On 07/09/2011, at 11:57 PM, Hani Suleiman wrote:

> 
> On Sep 6, 2011, at 4:33 AM, Adam Murdoch wrote:
> 
>> WHARF-25 and WHARF-27 are fixed, and these cover the more nasty of the 
>> regressions. We're waiting for fixes for WHARF-26, WHARF-35 and WHARF-36 
>> before we do a release. In the meantime, we're looking at some workarounds 
>> to reduce the impact of these issues, in which case we might be able to 
>> release without the fixes.
>> 
>> There's also a fix for GRADLE-1699/1701 ready to push.
>> 
>> Once we have fixes/workarounds for the other wharf issues, we'll do a 
>> snapshot build, and try it out on the Gradle build for a few days.

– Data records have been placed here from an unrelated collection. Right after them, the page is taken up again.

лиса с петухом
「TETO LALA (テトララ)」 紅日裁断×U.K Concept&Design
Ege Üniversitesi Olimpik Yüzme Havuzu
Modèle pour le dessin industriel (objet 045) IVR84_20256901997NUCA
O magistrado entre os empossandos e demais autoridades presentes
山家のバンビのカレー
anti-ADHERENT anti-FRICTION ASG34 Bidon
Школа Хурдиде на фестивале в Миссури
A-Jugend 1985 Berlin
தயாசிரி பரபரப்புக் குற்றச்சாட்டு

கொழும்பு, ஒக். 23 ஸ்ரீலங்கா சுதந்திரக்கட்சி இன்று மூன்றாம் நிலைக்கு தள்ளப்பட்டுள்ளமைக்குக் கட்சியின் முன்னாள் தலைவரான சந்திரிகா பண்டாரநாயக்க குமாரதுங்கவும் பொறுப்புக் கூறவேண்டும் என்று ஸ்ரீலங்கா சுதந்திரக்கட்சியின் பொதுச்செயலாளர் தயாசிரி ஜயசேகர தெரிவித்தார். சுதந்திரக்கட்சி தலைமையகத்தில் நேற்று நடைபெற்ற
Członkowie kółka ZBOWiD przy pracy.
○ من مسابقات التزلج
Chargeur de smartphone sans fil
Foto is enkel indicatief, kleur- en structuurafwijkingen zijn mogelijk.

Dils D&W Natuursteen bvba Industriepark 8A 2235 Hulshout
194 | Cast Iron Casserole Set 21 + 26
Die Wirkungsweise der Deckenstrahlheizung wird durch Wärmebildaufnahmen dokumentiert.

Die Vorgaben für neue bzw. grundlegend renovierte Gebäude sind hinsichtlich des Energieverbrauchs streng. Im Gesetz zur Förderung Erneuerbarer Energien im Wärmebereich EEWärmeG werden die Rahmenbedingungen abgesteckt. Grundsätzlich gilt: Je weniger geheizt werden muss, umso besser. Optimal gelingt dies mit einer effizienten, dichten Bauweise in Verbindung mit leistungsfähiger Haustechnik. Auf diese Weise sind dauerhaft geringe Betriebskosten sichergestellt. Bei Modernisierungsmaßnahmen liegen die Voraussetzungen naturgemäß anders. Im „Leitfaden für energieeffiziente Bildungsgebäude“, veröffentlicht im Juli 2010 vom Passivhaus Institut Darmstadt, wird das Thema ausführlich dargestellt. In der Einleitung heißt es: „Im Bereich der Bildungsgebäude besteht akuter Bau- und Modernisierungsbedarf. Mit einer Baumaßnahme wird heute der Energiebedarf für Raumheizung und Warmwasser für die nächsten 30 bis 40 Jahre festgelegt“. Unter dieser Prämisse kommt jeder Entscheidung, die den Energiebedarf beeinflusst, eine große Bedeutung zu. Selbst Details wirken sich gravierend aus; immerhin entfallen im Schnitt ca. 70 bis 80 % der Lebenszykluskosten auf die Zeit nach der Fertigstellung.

If all is 
>> ok, we'll release milestone-5. We might also advertise the snapshot build on 
>> the mailing list, if people would like to try it out.
>> 
> How about all these other performance killing bugs?
> 
> https://issues.jfrog.org/jira/browse/WHARF-31
> https://issues.jfrog.org/jira/browse/WHARF-30
> https://issues.jfrog.org/jira/browse/WHARF-29
> https://issues.jfrog.org/jira/browse/WHARF-28

These are actually problems in Ivy, and were present in previous Gradle 
releases. So, we won't wait for these to get fixed in order to release 
milestone-5. We'll just aim for a milestone-5 that is no worse than milestone-3.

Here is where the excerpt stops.